Except for last week, when he smoked in the middle of a mountain bike ride. “It was great for, like, 90 percent of it. But there was this one super technical area where I said, ‘Nah, not right now.’ and hopped off my bike.”
Ausmus doesn’t blame the weed for that, though: “I see that more as me failing to recognize my own limits.”
But 22-year-old Bryan Stopak, a cycling instructor from Olney, Maryland, does think cannabis takes a toll on athletic performance and recently decided to take a break from bud.
“I love weed, but I have to peace out for a little to get this summer body correct,” Stopak said.
After taking up pot in 2020, Stopak said he found it harder to breathe during runs, got exhausted after fewer reps, and had less motivation to work out at all.
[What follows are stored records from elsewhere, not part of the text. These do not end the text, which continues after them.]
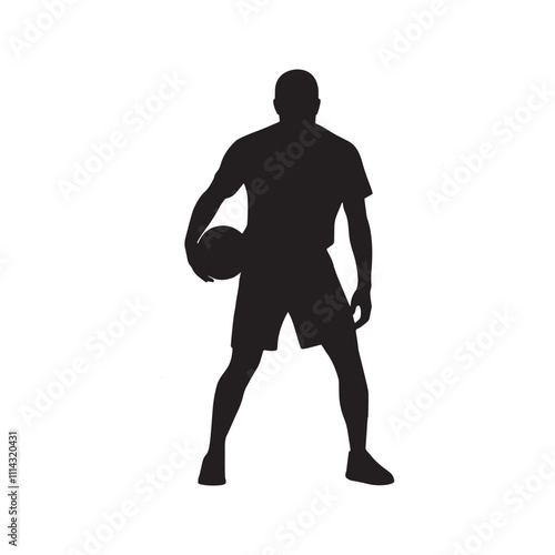 Fototapeta premium Volleyball sports player man silhouette with volleyball.
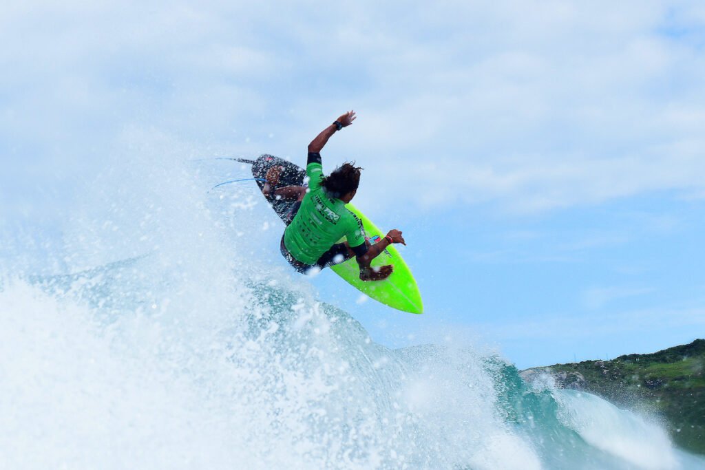 NOVOS RECORDES – Antes das meninas competirem na sexta-feira, os homens comandaram o show nas ondas da Praia Mole, registrando novos recordes na história do LayBack Pro em Florianópolis. O cearense Michael Rodrigues aumentou seu próprio recorde de pontos do ano passado, de 16,30 para 16,33. Ele igualou a nota 9,00, que foi a maior de 2021, com um aéreo “full rotation stalefish” incrível de frontside, colocando a mão de trás na borda da prancha.
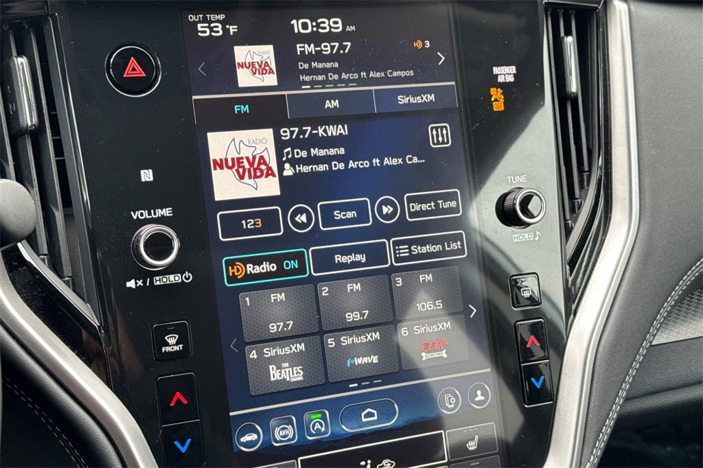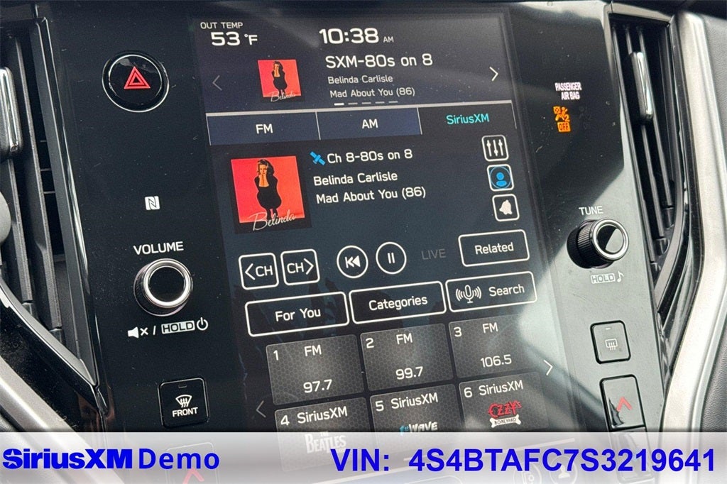 - Radio: Subaru 11.6" Multimedia Plus System -inc: AM/FM stereo, HD Radio, valet mode, multi-touch gesture high resolution display screen, voice activated controls, Bluetooth® audio streaming and hands-free phone connectivity w/SMS text messaging (refer to subaru.com for cell phone compatibility), Near Field Communication (NFC), iPod control capability, SiriusXM w/360L (4 months free trial/subscription required after), SiriusXM Travel Link (3 years free trial/subscription required after), smartphone integration for Android Auto and Apple CarPlay w/full screen view and wireless connection, USB and Over The Air (OTA) audio system update, audio system and Bluetooth® steering wheel control switches, 6 speakers, illuminated 3.5mm auxiliary input jack and illuminated USB-A and USB-C input/charge ports

“The only thing that’s changed is me smoking weed,” Stopak said.
While there’s limited research on how smoking weed specifically affects athletic performance, there’s evidence suggesting smoking anything can damage the lungs.
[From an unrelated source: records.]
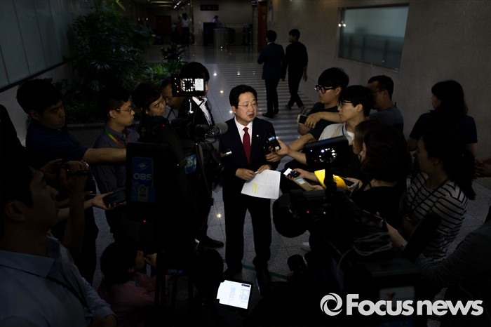 | △ 취재진에 둘러 싸인 이장우 새누리당 의원 |
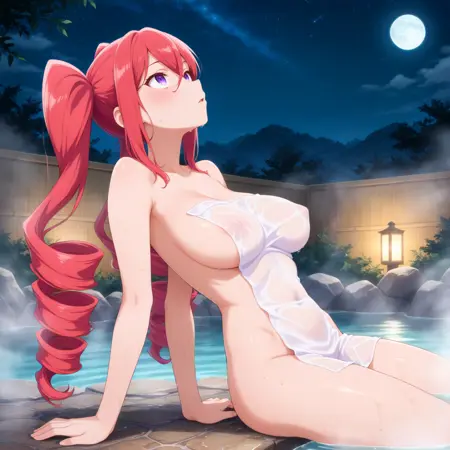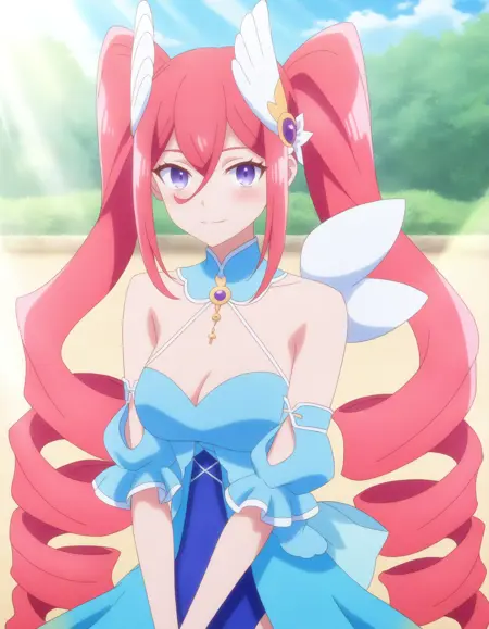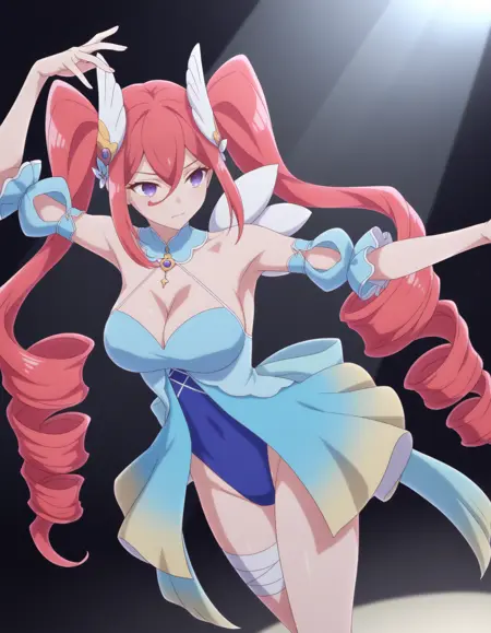 drtn, 1girl, solo, red hair, twin drills, purple eyes복장 1:
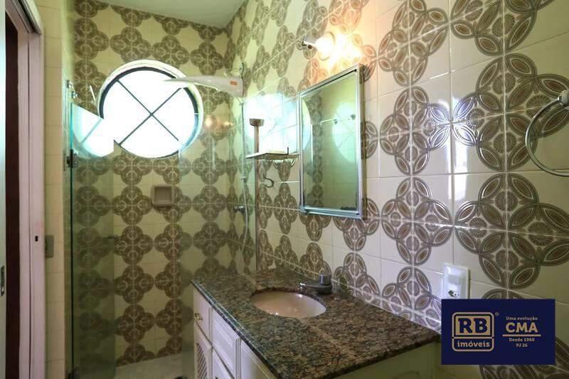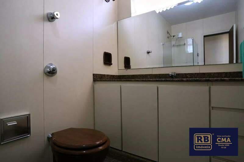 Banheiros (social e suíte) com armários planejados, espelho e box em blindex.
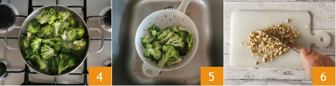 Cozinhe por cerca de 20 minutos 4. Por fim, escorra os brócolis com uma peneira 5. Agora, pique grosseiramente as castanhas de caju com uma faca 6.
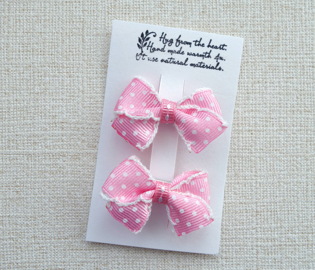 - ★ ハンドメイド ピンクのミニドット柄リボンヘアクリップ 2個セット ★
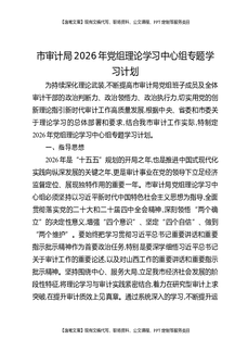 市审计局2026年党组理论学习中心组专题学习计划.docx
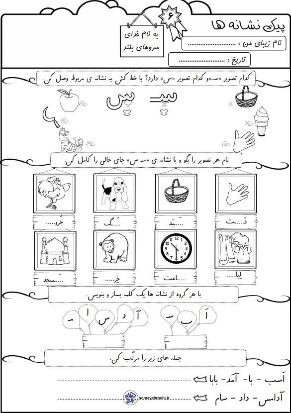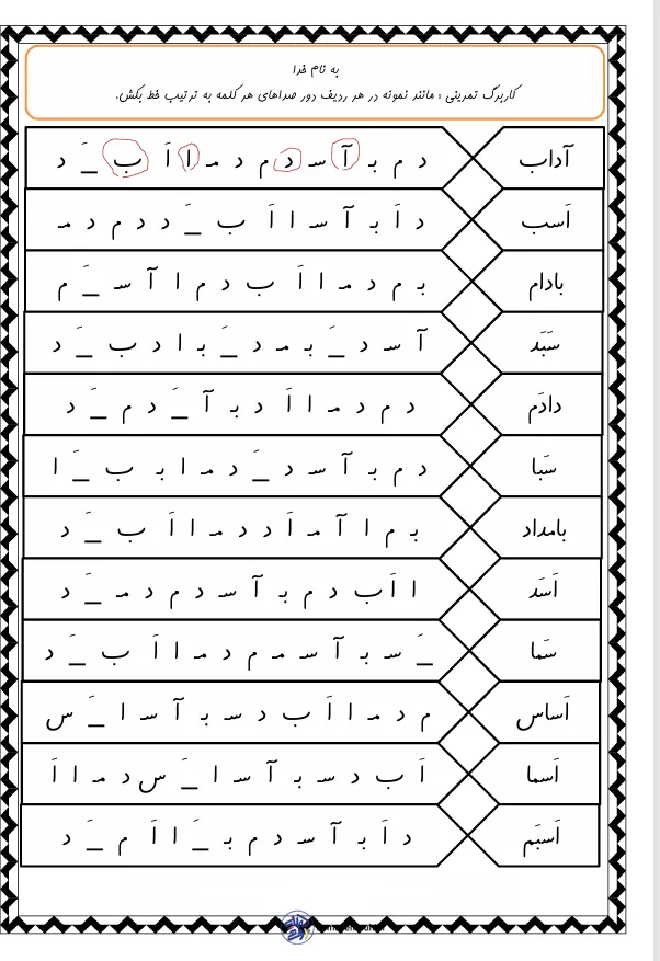 کاربرگ نشانه ر فارسی کلاس اول دبستان
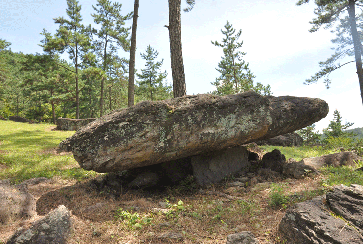 しかし、台風の影響でマツの木が倒れたことで上石が移動して埋葬主体部も完全に毀損してしまった.支石墓の大きさは長さ450㎝、幅310㎝、厚さ70㎝、重さは15トンで大型級に属し、上石の下には両長壁の石である大型板石2枚と短壁石1枚で支える卓子式支石墓である.今回復元された長さ140㎝、幅50㎝、高さ40㎝の埋葬主体部の上に載せられた上石は埋葬主体部の外側に1m~1.7m程度の軒をもつ雄大な姿を見せる.

The American Lung Association warns that cannabis smoke contains some of the same carcinogens and toxins as tobacco smoke that put regular users at risk of chronic bronchitis and lung infections.
For that reason, budtenders recommend athletes use edibles or at least a vaporizer as their primary consumption method. Vaping still isn’t good for your lungs, but some research shows it may be less harmful than smoking –– largely because vaping products seem to contain fewer toxins than traditional cigarette tobacco.
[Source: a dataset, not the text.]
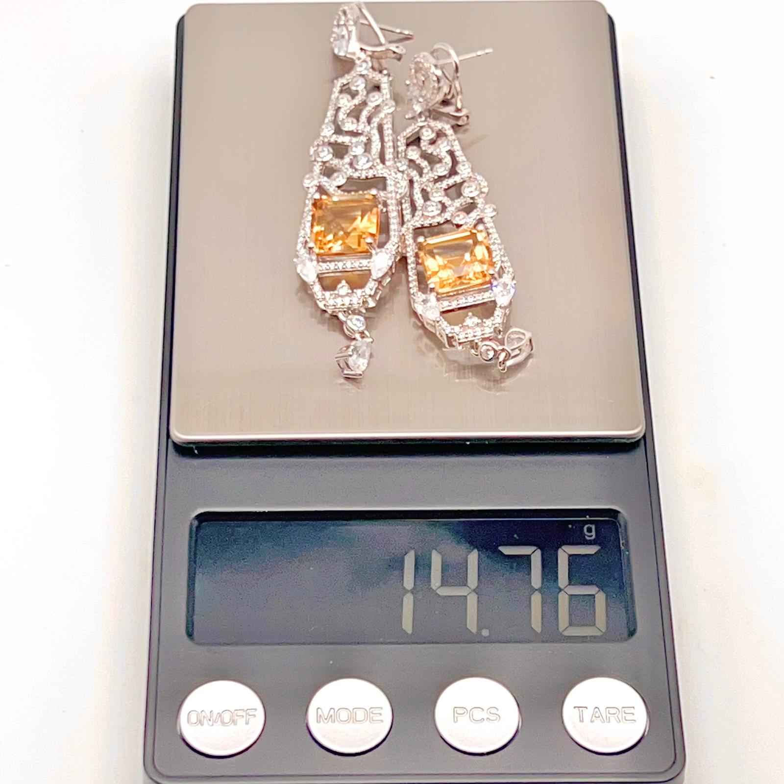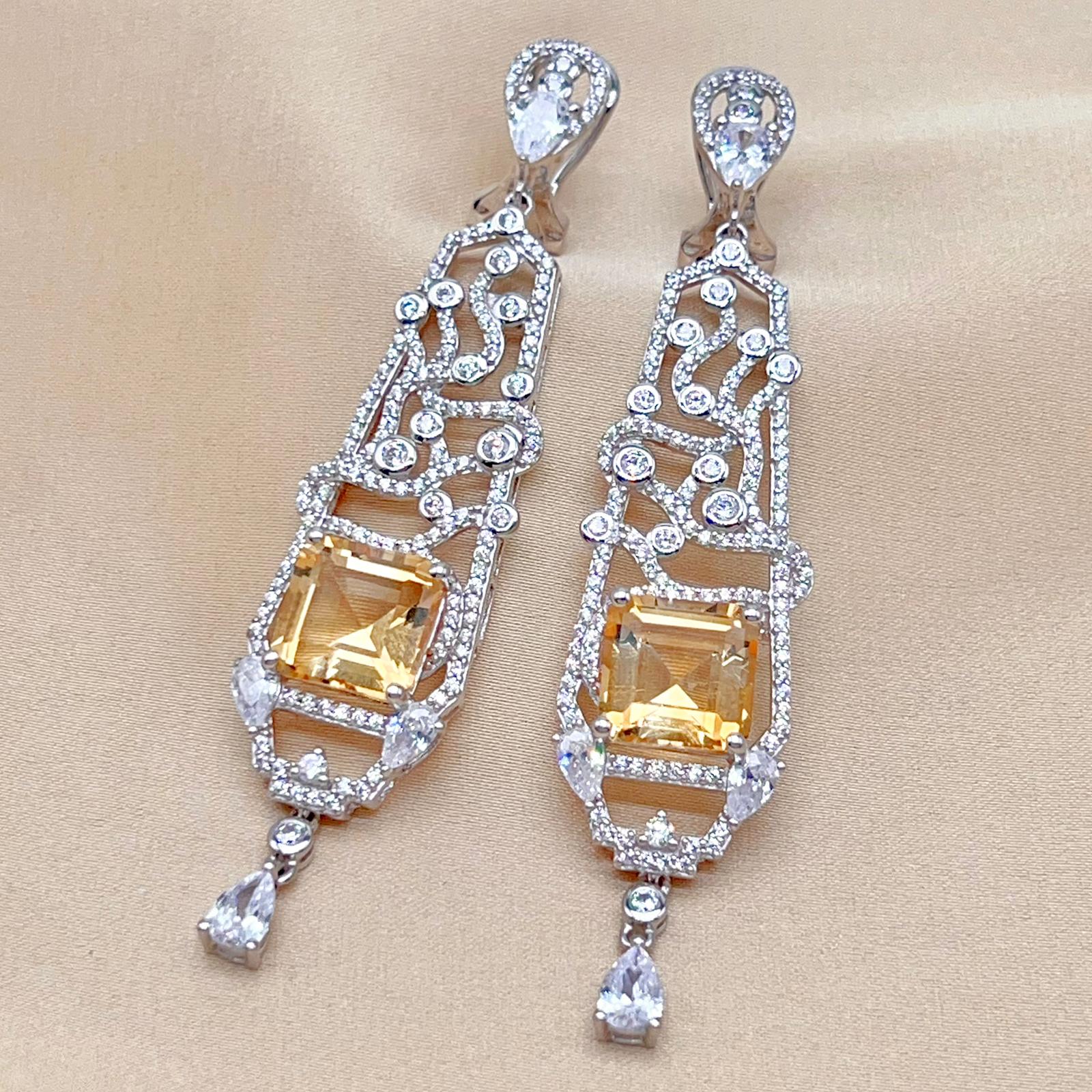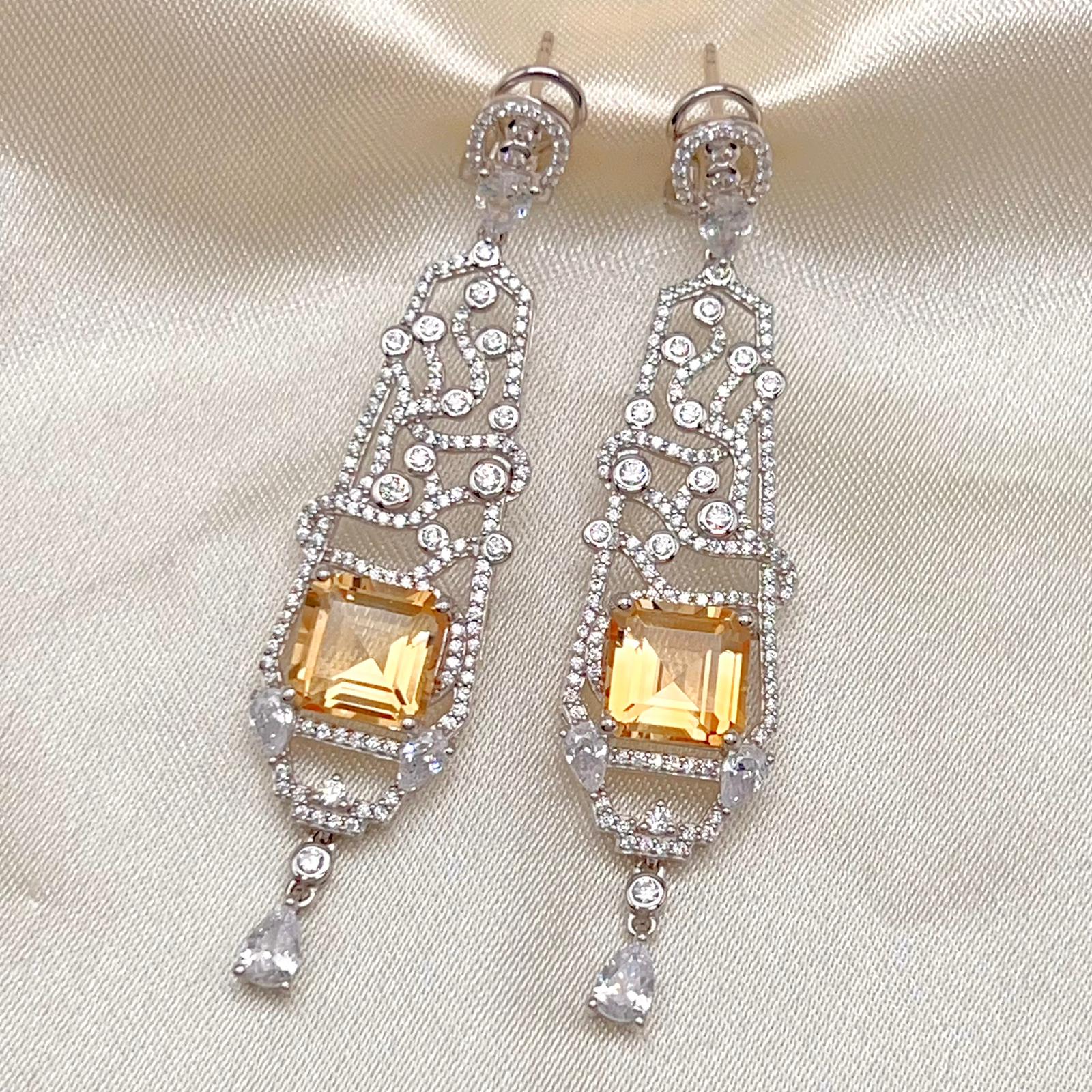 These elegant Citrine Art Deco Drops 925 showcase a brilliant rectangular-cut Citrine within a long, intricate, diamond-accented filigree frame. The luxurious 925 sterling silver design features sparkling geometric patterns and a delicate dangling pear accent.

For the time being, that’s pretty much the only thing we’re sure of when it comes to weed and athletic performance. In 2021, Canadian scientists published a review of all existing research on cannabis and athleticism to date and found each study came to one of three conclusions: weed worsens athletic performance, it doesn’t affect it at all, or the results were inconclusive.
Still, that hasn’t stopped many of the world’s most prominent athletic organizations from taking a hard stance against bud.
The sports world famously collided with stoner culture in 2021 when American sprinter Sha’carri Richardson was suspended from the Olympics for a positive cannabis test during U.S. trials for the 100-meter dash. Weeks earlier, Richardson had set a new personal record of 10.72 seconds for that distance, becoming the sixth-fastest woman of all time
The World Anti-Doping Administration lists three reasons on its website for placing weed on its list of banned substances: athletes who use weed could endanger themselves with reduced motor skills; animal studies suggest weed could be performance-enhancing, and using weed is not “consistent with the athlete as a role model for young people around the world.”
So what’s the verdict? Does weed inhibit performance by reducing athletes’ motor skills? Or is there ample research demonstrating weed enhances performance enough to give them an edge?
The jury’s still out on that one, though some experts say the question itself may be unfair. Dr. Kevin Boehnke, a pain specialist from the University of Michigan, says that even if cannabis aids with sleep, anxiety, and recovery as some research suggests, “other allowed pain relievers or anxiolytic agents are not considered performance-enhancing, so disallowing cannabis on that basis is irrational.”
What we do know for sure is that weed-smoking athletes are not uncommon. The same Sports Medicine researchers conducted a meta-analysis of 46,000 athletes and found that 23% of them used weed in the past year.
Whether it’s to boost their performance, reduce anxiety, increase focus, or simply make working out more fun, athletes smoke weed, too. So before we crush any more Olympic dreams, maybe it’s time for some comprehensive research on how weed affects performance.